> Records to process:
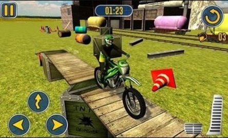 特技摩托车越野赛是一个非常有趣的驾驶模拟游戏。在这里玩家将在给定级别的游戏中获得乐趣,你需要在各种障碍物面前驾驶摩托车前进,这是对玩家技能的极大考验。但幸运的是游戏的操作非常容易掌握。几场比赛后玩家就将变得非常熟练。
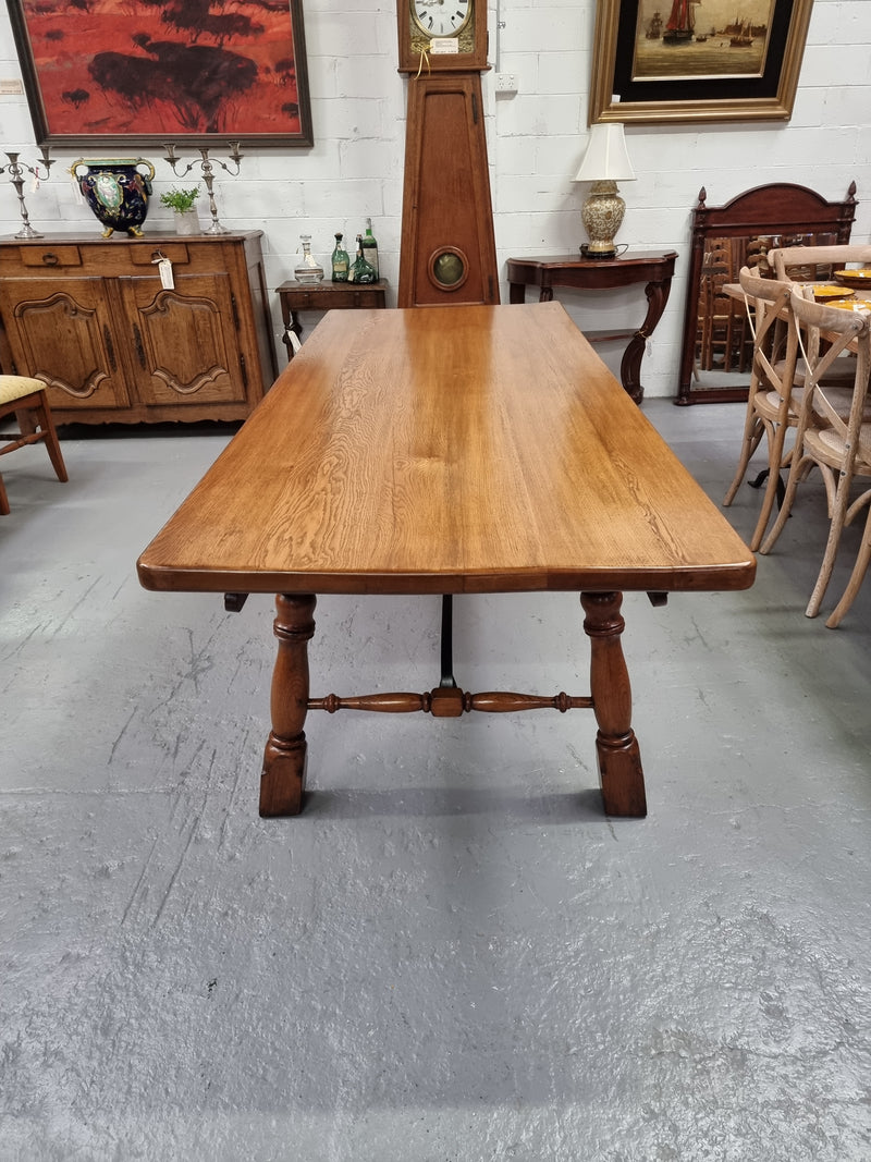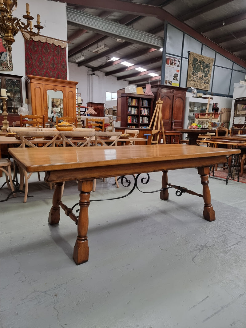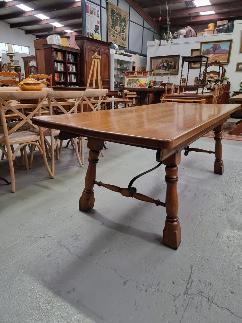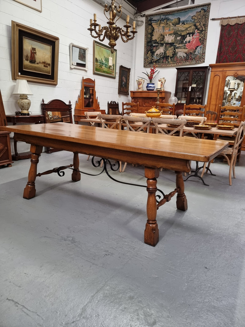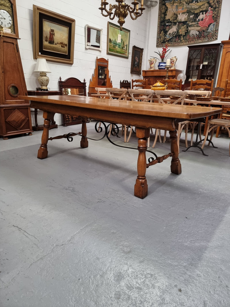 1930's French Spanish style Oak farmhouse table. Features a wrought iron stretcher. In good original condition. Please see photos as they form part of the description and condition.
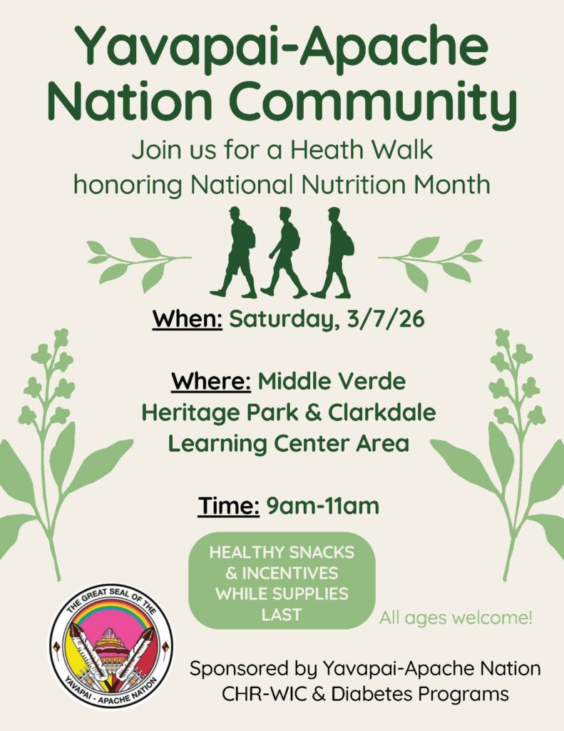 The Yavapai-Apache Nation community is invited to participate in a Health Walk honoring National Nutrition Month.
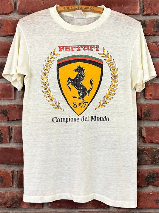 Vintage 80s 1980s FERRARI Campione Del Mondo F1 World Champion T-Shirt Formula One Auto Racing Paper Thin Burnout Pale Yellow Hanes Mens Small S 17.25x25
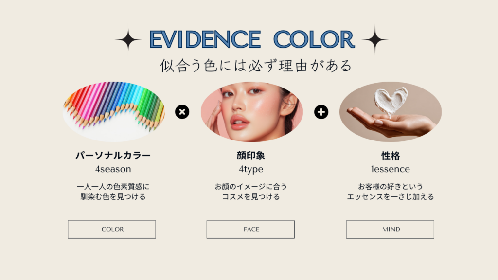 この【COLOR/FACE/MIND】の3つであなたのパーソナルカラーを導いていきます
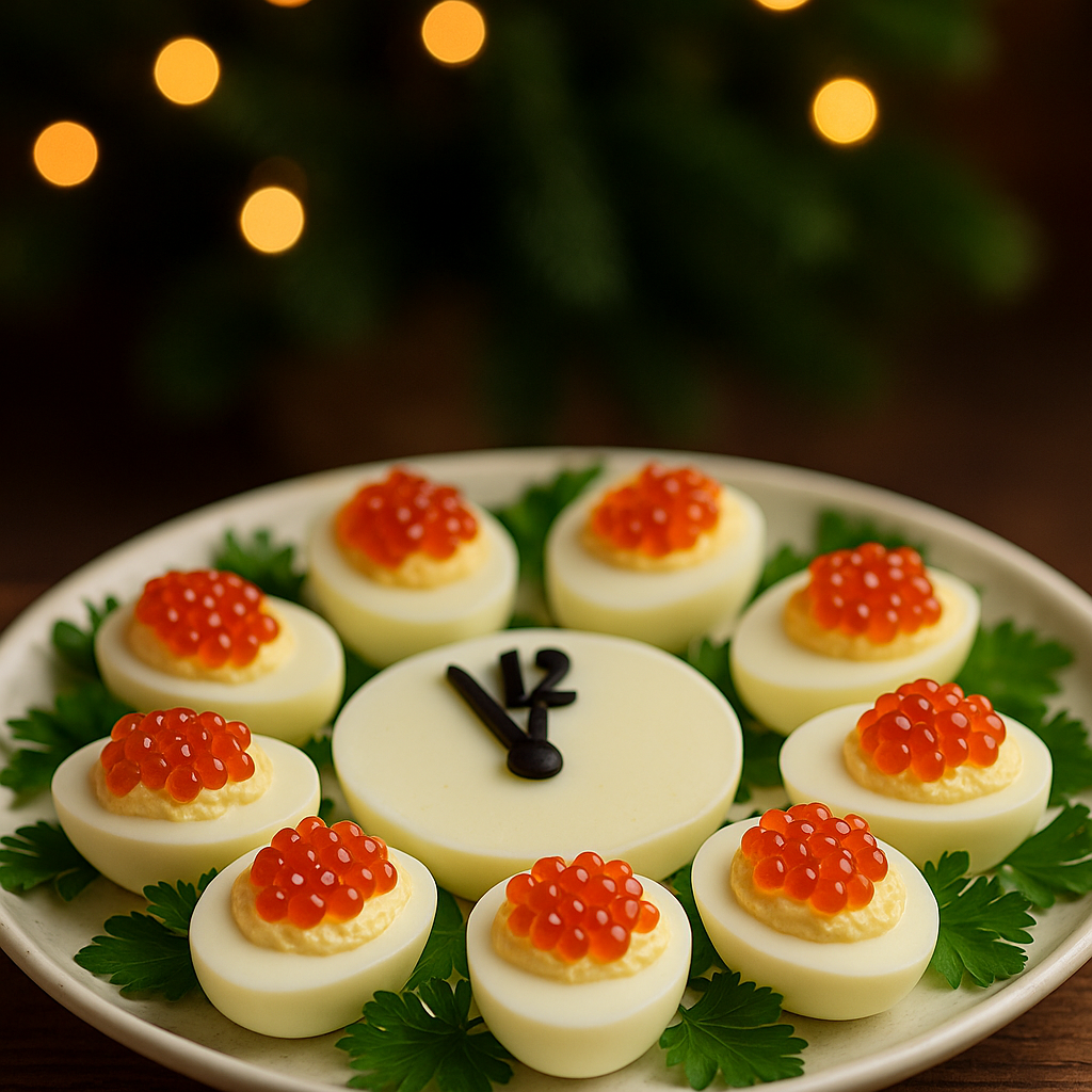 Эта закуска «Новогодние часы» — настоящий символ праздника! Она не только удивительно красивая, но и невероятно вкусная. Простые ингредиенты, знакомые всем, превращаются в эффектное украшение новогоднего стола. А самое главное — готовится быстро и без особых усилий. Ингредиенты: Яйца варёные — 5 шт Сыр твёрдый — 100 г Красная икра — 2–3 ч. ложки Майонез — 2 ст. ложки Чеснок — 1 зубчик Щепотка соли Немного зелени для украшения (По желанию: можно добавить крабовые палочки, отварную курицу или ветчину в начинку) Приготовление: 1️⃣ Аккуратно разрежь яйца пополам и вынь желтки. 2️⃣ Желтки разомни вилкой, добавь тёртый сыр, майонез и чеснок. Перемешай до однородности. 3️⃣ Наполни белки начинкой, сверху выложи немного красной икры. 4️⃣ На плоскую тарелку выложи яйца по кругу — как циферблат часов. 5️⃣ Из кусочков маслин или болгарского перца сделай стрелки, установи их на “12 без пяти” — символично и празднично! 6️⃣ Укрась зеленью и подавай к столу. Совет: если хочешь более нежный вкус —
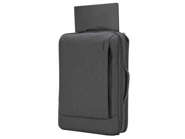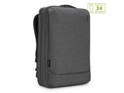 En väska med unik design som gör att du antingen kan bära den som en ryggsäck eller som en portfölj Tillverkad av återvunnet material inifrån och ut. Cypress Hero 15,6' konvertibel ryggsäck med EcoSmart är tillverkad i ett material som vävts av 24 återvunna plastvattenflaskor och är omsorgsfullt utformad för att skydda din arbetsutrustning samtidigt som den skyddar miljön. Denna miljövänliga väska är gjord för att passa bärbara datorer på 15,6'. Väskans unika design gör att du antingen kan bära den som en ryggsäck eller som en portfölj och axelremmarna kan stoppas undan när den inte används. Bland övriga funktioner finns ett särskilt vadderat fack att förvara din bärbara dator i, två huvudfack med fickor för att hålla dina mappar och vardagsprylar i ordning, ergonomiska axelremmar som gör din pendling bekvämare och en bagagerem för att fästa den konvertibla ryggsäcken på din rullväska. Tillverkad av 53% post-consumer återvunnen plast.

> Instructions for the task: It would help to have the listing above repeated exactly, with all images removed.

> Answer space:
 特技摩托车越野赛是一个非常有趣的驾驶模拟游戏。在这里玩家将在给定级别的游戏中获得乐趣,你需要在各种障碍物面前驾驶摩托车前进,这是对玩家技能的极大考验。但幸运的是游戏的操作非常容易掌握。几场比赛后玩家就将变得非常熟练。
 1930's French Spanish style Oak farmhouse table. Features a wrought iron stretcher. In good original condition. Please see photos as they form part of the description and condition.
 The Yavapai-Apache Nation community is invited to participate in a Health Walk honoring National Nutrition Month.
 Vintage 80s 1980s FERRARI Campione Del Mondo F1 World Champion T-Shirt Formula One Auto Racing Paper Thin Burnout Pale Yellow Hanes Mens Small S 17.25x25
 この【COLOR/FACE/MIND】の3つであなたのパーソナルカラーを導いていきます
 Эта закуска «Новогодние часы» — настоящий символ праздника! Она не только удивительно красивая, но и невероятно вкусная. Простые ингредиенты, знакомые всем, превращаются в эффектное украшение новогоднего стола. А самое главное — готовится быстро и без особых усилий. Ингредиенты: Яйца варёные — 5 шт Сыр твёрдый — 100 г Красная икра — 2–3 ч. ложки Майонез — 2 ст. ложки Чеснок — 1 зубчик Щепотка соли Немного зелени для украшения (По желанию: можно добавить крабовые палочки, отварную курицу или ветчину в начинку) Приготовление: 1️⃣ Аккуратно разрежь яйца пополам и вынь желтки. 2️⃣ Желтки разомни вилкой, добавь тёртый сыр, майонез и чеснок. Перемешай до однородности. 3️⃣ Наполни белки начинкой, сверху выложи немного красной икры. 4️⃣ На плоскую тарелку выложи яйца по кругу — как циферблат часов. 5️⃣ Из кусочков маслин или болгарского перца сделай стрелки, установи их на “12 без пяти” — символично и празднично! 6️⃣ Укрась зеленью и подавай к столу. Совет: если хочешь более нежный вкус —
 En väska med unik design som gör att du antingen kan bära den som en ryggsäck eller som en portfölj Tillverkad av återvunnet material inifrån och ut. Cypress Hero 15,6' konvertibel ryggsäck med EcoSmart är tillverkad i ett material som vävts av 24 återvunna plastvattenflaskor och är omsorgsfullt utformad för att skydda din arbetsutrustning samtidigt som den skyddar miljön. Denna miljövänliga väska är gjord för att passa bärbara datorer på 15,6'. Väskans unika design gör att du antingen kan bära den som en ryggsäck eller som en portfölj och axelremmarna kan stoppas undan när den inte används. Bland övriga funktioner finns ett särskilt vadderat fack att förvara din bärbara dator i, två huvudfack med fickor för att hålla dina mappar och vardagsprylar i ordning, ergonomiska axelremmar som gör din pendling bekvämare och en bagagerem för att fästa den konvertibla ryggsäcken på din rullväska. Tillverkad av 53% post-consumer återvunnen plast.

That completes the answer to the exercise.